I tested it for the example of Dietrich:

G_s = ltimul([1], [1, 2])
H_s = ltimul([2], [1, 0, 3])
print(G_s*H_s)
print(G_s*H_s/(1+G_s*H_s))

While GH is nicely equal to

ltimul(
array([ 2.]),
array([ 1.,  2.,  3.,  6.])
)

the final result for GH/(1+GH) is less pretty:

ltimul(
array([  2.,   4.,   6.,  12.]),
array([  1.,   4.,  10.,  26.,  37.,  42.,  48.])
)

Since I'm not very familiar with transfer functions, I'm not sure how likely it is that this gives the same result as the sympy-based solution due to some simplifications missing from this one. I find it suspicious that already lti behaves unexpectedly: lti([1,2],[1,2]) doesn't simplify its arguments, even though I'd suspect this function to be constant 1. So I'd rather not guess the correctness of this final result.

Anyway, the main message is inheritance itself, so possible bugs in the above implementation hopefully pose only a minor inconvenience.
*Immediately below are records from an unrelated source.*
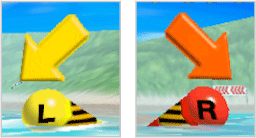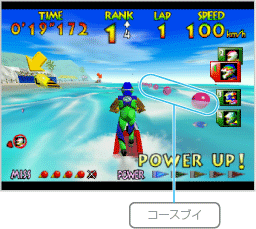 コース上には、赤と黄の「ルートブイ」が浮かんでいます。赤のブイは右側を、黄のブイは左側を通過しましょう。正しく通過するとパワーメーターが1増え、速度が上がります。ただし、通過できないとミスになり、パワーメーターは0に戻ってしまいます。5回ミスをすると、レースはリタイアとなってしまうので注意しましょう。 |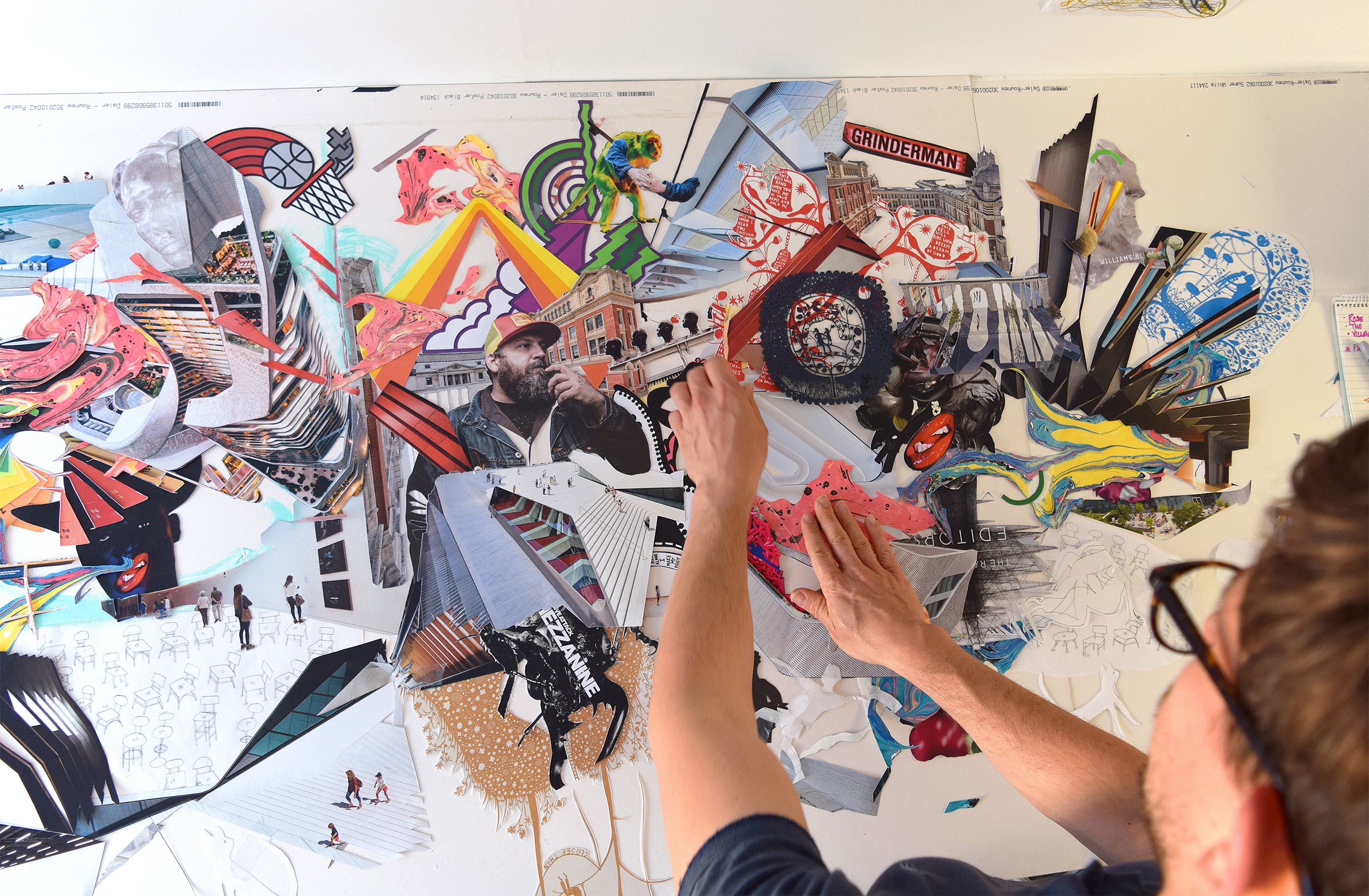 James created one large collage combining the work from all of the subjects of CR’s How I Got Here series of profiles which was then split across all three covers.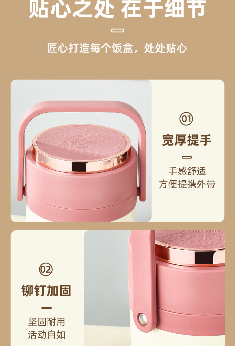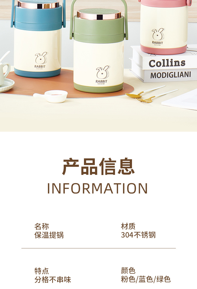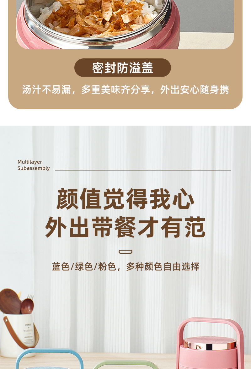批发304不锈钢保温提锅学生真空大容量保温饭盒简约多层保温桶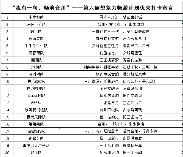 其中“三江合汇流,铁城抵千军”“合川,古今交汇,山水邀约”“宜居宜业宜游,合心合意合川”等优秀作品,既体现了年轻一代对地方文化的深刻理解,也展现出学子们强大的传播创意与青春活力。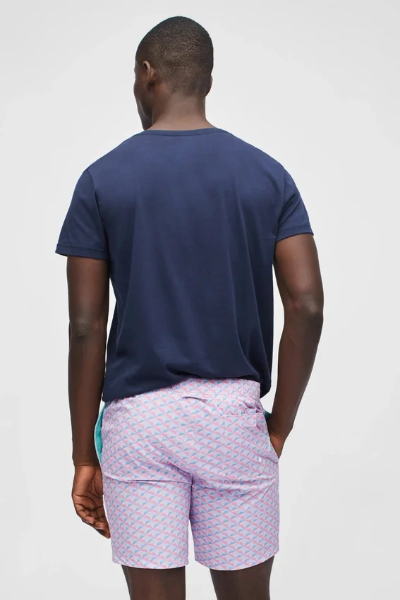 Ceinture élastique avec cordon de serrage extérieur | Doublure intérieure en maille | Poches sur les coutures | Poche plaquée à l’arrière avec fermeture auto-agrippante | Contraste à l’intérieur de la ceinture, dans les poches et sur le porte-clés | Imprimé exclusif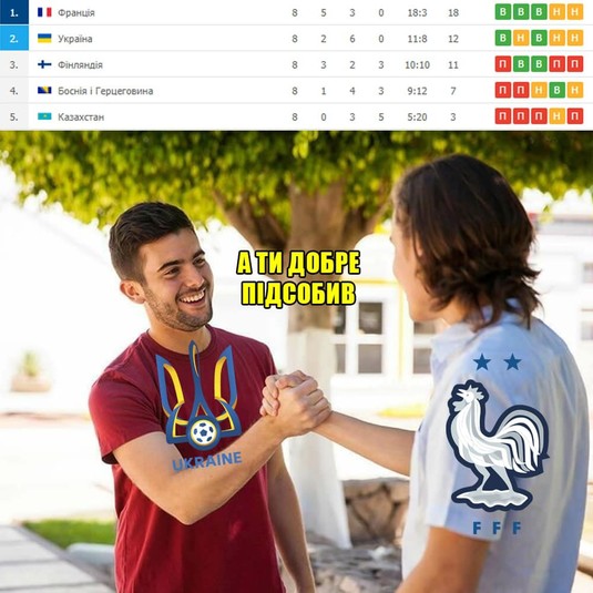 Зокрема, інтернет-жартівники дякують збірній Франції: саме успішна гра чемпіонів світу проти Фінляндії дозволила нашій команді продовжити боротьбу.
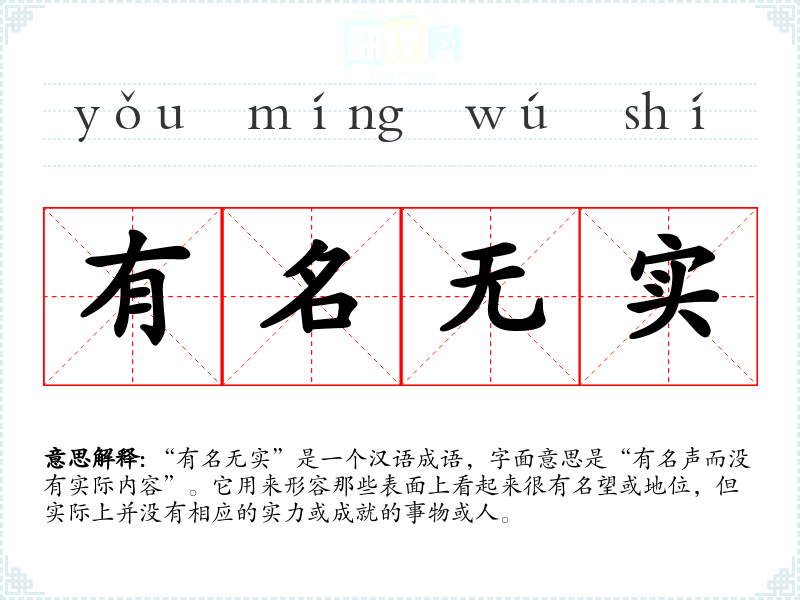 “有名无实”是一个汉语成语,字面意思是“有名声而没有实际内容”。它用来形容那些表面上看起来很有名望或地位,但实际上并没有相应的实力或成就的事物或人。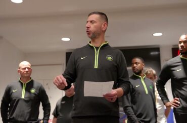 New Orleans Pelicans associate head coach James Borrego talks to the team postgame in the Pelicans locker room after their…

I'm also quite unfamiliar with class definitions, so it's possible that I didn't follow best practices in the above.

---

I eventually rewrote the above after @ochurlaud pointed out, that my original only worked for Python 2. The reason is that the / operation is implemented by __div__/__rdiv__ in Python 2 (and is the ambiguous "classical division"). In Python 3, however, there is a distinction between / (true division) and // (floor division), and they call __truediv__ and __floordiv__ (and their "right" counterparts), respectively. The __future__ import first in the line of the above code triggers the proper Python 3 behaviour even on Python 2, so the above works on both Python versions. Since floor (integer) division doesn't make much sense for our class, we explicitly signal that it can't do anything with // (unless the other operand implements it).

One could also easily define the respective __iadd__, __idiv__ etc. in-place operations for +=, /= etc., respectively.